Management and treatment in TTC7A-deficiency patients with VEOIBD-MIA-CID

Introduction: Multiple intestinal atresia with combined immune deficiency (MIA-CID) is a rare autosomal recessive disorder. MIA-CID can also be combined with inflammatory bowel disease IBD (VEO-MIA-CID)
Case Report: a male in the first weeks of his life, he presented growth delay and feeding intolerance; urinary infection was suspected and treated with antibiotics.
At the age of three months, he developed bloody diarrhea in addition to growth delay and feeding intolerance. A high digestive endoscopy was performed with diagnoses of esophageal and rectum stenosis with friable and swollen mucosa. The patient’s clinical course was complicated by multiple episodes of sepsis caused by central lines or intestinal bacteria, such as Enterobacter cloacae and Klebsiella pneumoniae.
Immunological assessment showed severe hypogammaglobulinemia with normal lymphocyte subset and proliferation assay.
The colonic histology revealed erosive active chronic rectitis, caliciform cells depletion, glandular distortion/atrophy, leading to the diagnosis of very early onset inflammatory bowel disease (VEO-IBD), suggestive of Crohn’s type inflammatory disease.
Immediately tacrolimus was began with stable course of inflammatory disease in the follow control, 8 weeks later. He continuous with total parenteral nutrition and subcutaneous immunoglobulin replacement.

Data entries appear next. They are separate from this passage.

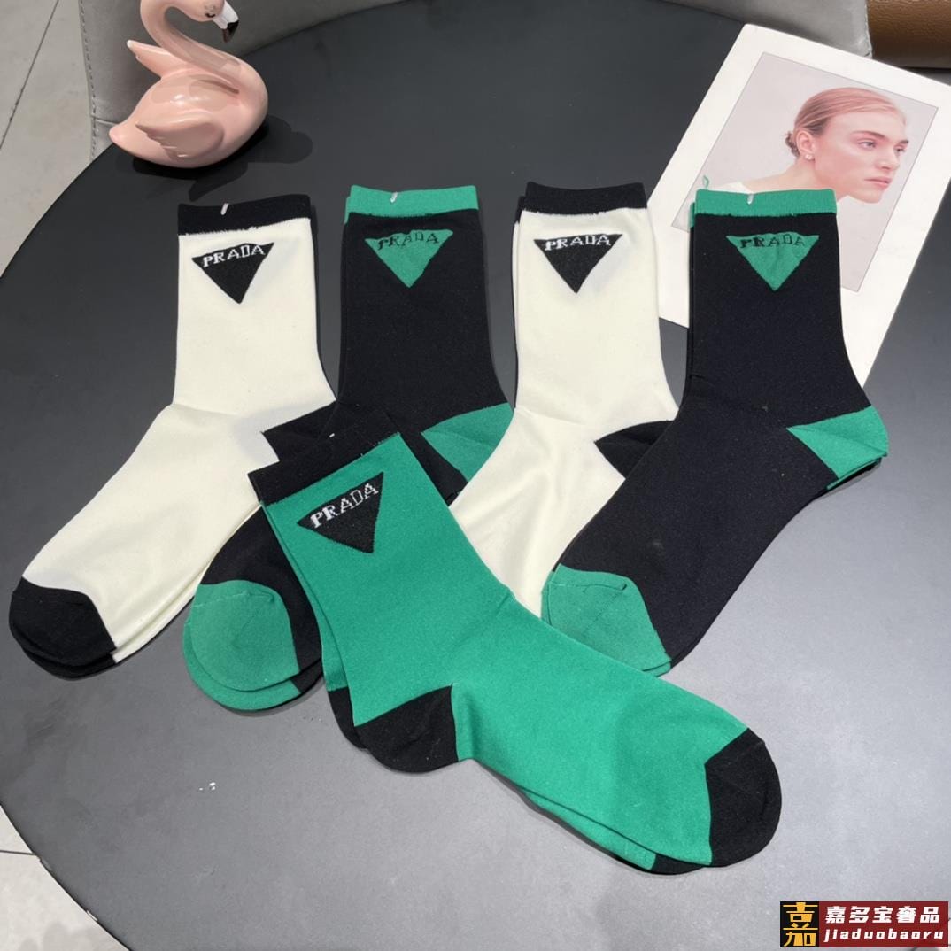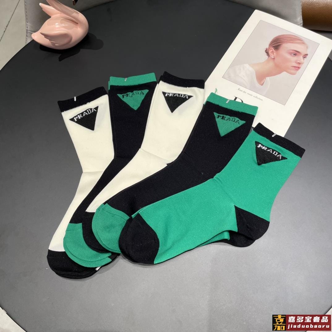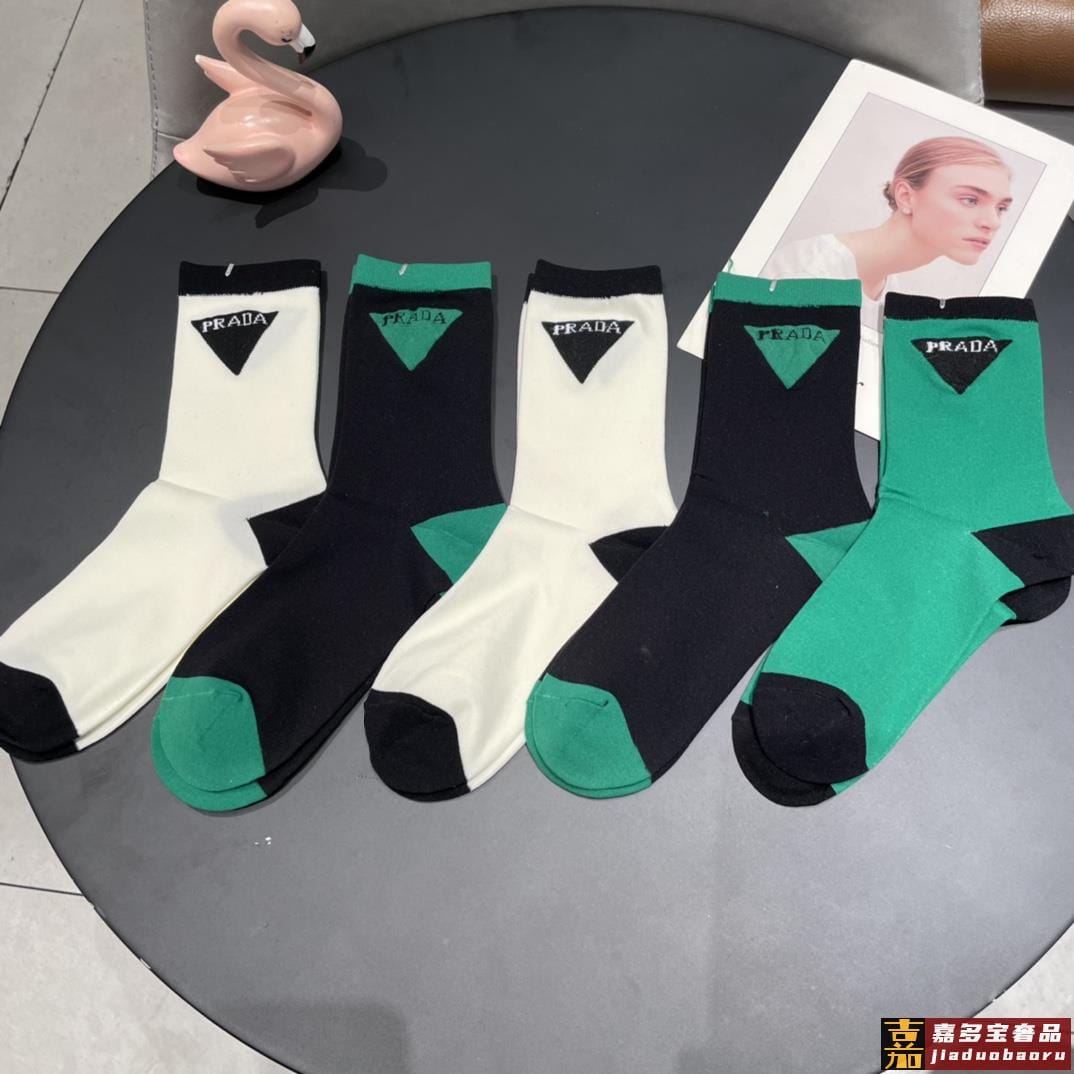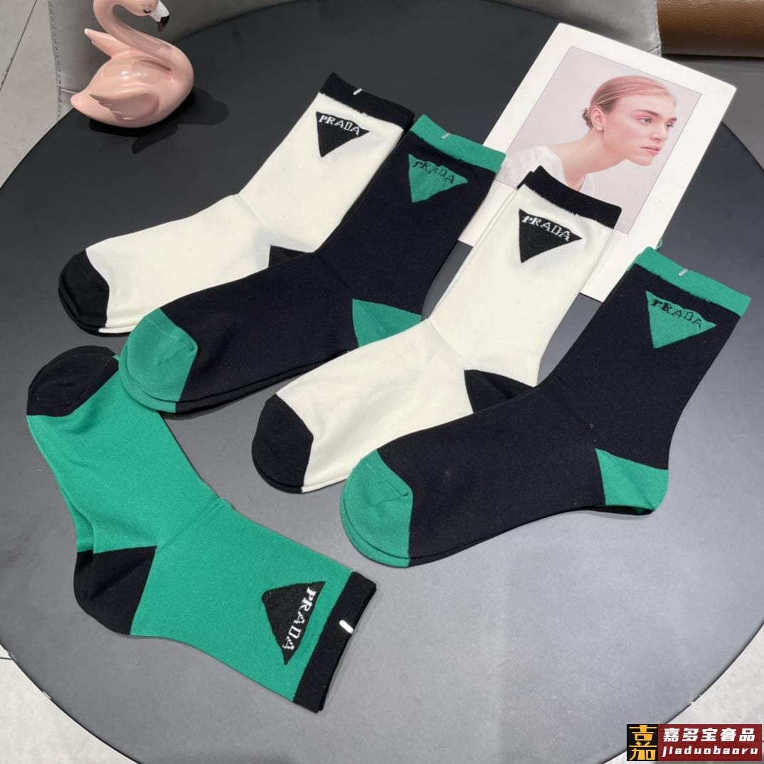配包装普拉达新款中长冰丝堆堆袜袜子一盒双专柜同步筒袜袜子大牌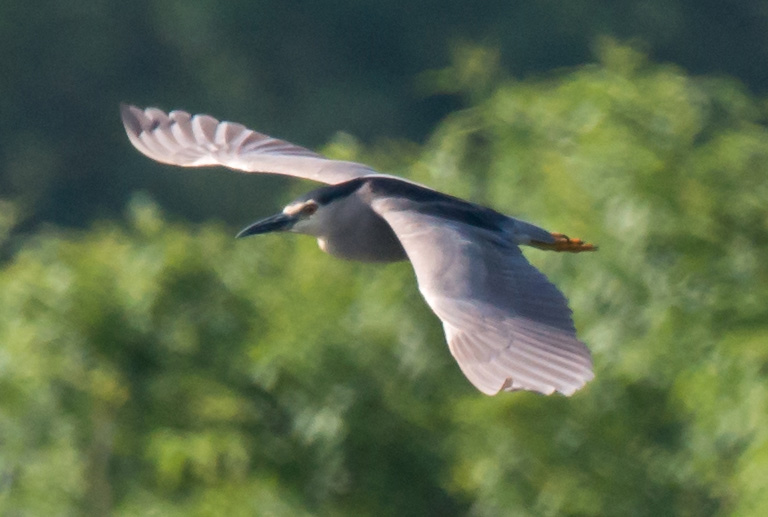 Adult Night Heron roosting in trees near reed bed in west lake. Seen in flight a couple  of times earlier and has just disappeared from view in trees at 9.25 photo to follow when I get back home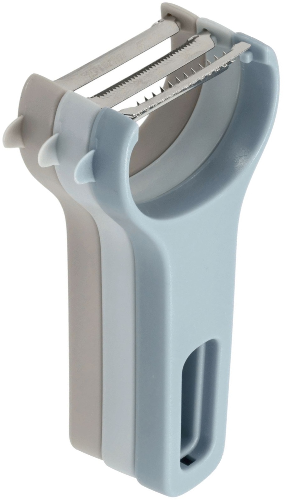 - Drei verschiedene Schäler mit spezialisierten Klingen: glatt, fein gezackt und grob gezackt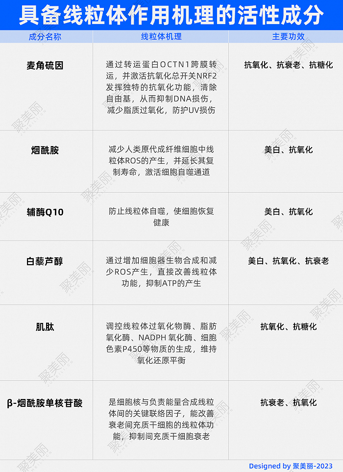 2021年发表在《中国化妆品》上的文章《线粒体是精准护肤的黄金靶点》中曾提到,研究表明,烟酰胺可减少人类原代成纤维细胞中线粒体ROS的产生,并延长其复制寿命;辅酶Q10可防止线粒体自噬,使细胞恢复健康;白藜芦醇可通过增加细胞器生物合成和减少ROS产生,直接改善线粒体功能,发挥抗氧化及抗衰老作用。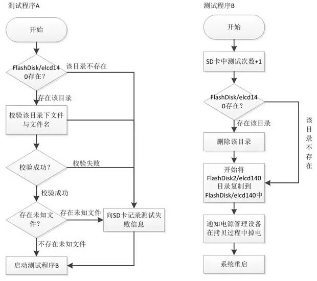 使用智能定時(shí)器控制被測(cè)設(shè)備電源,使用測(cè)試軟件A監(jiān)測(cè)文件系統(tǒng)狀況,測(cè)試軟件B進(jìn)行數(shù)據(jù)拷貝操作,在拷貝過(guò)程中對(duì)設(shè)備隨機(jī)斷電,如此往復(fù)以模擬Flash寫(xiě)入時(shí)掉電,軟件運(yùn)行流程如下圖所示。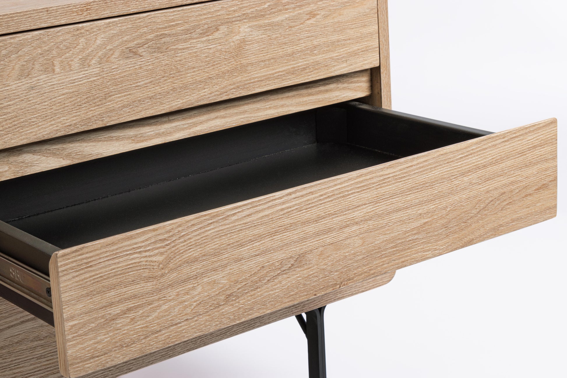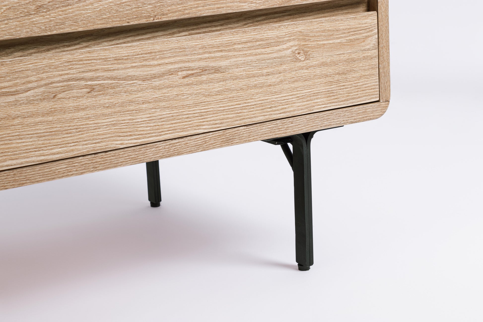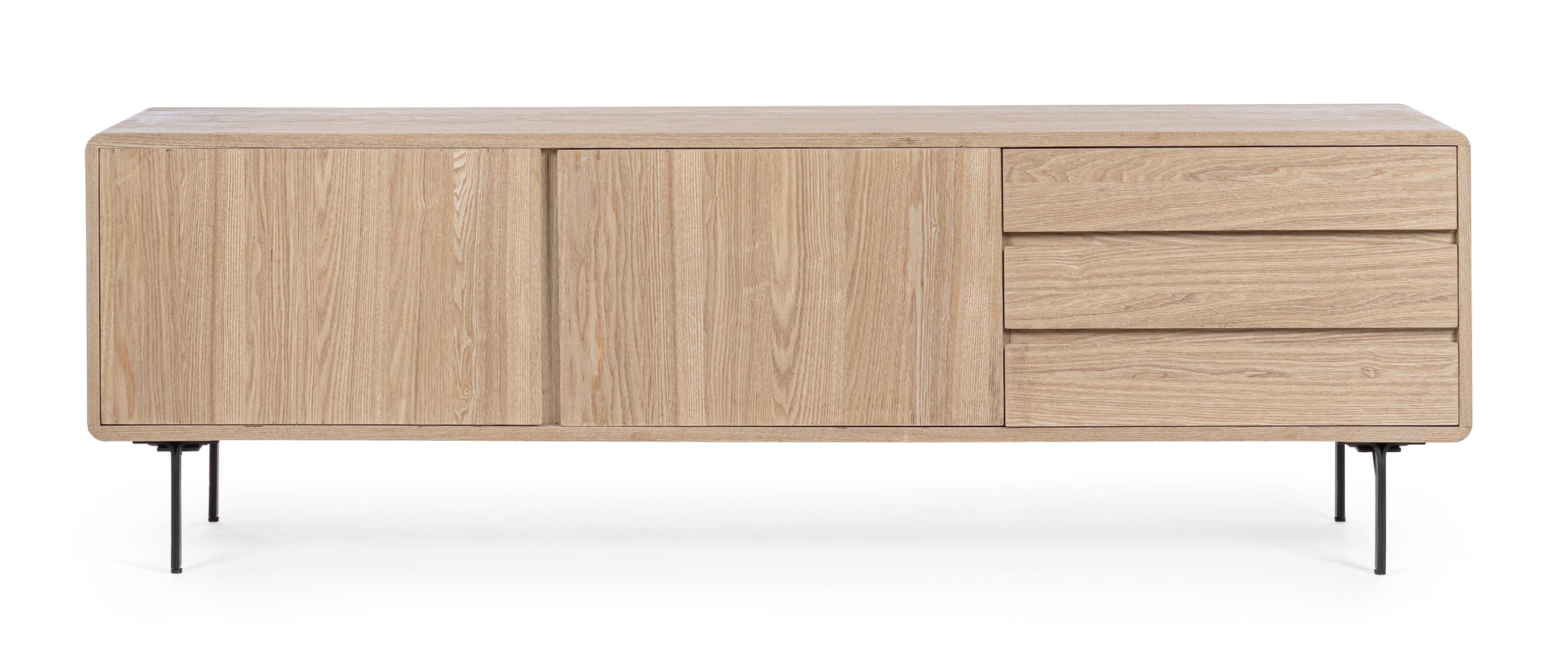 MDF IMPIALLACCIATO LEGNO DI FRASSINO. FINITURA NATURALE CON VERNICE A BASE D'ACQUA. VANO PORTE COMPRENSIVO DI MENSOLA. INTERNO CASSETTI DI COLORE NERO CON GUIDE SCORREVOLI IN ACCIAIO. GAMBE IN ACCIAIO VERNICIATE A POLVERE EPOSSIDICA. GAMBE DA ASSEMBLARE.

Genetic analysis confirmed a heterozygous C.1576C>T (p.Gln526*) mutation in the TTC7A gene, compatible with multiple intestinal atresia with inflammatory bowel disease and primary immunodeficiency (MIA-IBD-PID) syndrome.
Currently he is with Leflunamide treatment.
Discussion: the advent of next-generation sequencing has led to an improved recognition of single gene defects underlying some cases of inflammatory bowel disease. This case represent the relevance in molecular diagnosis to target treatment in VEO IBD.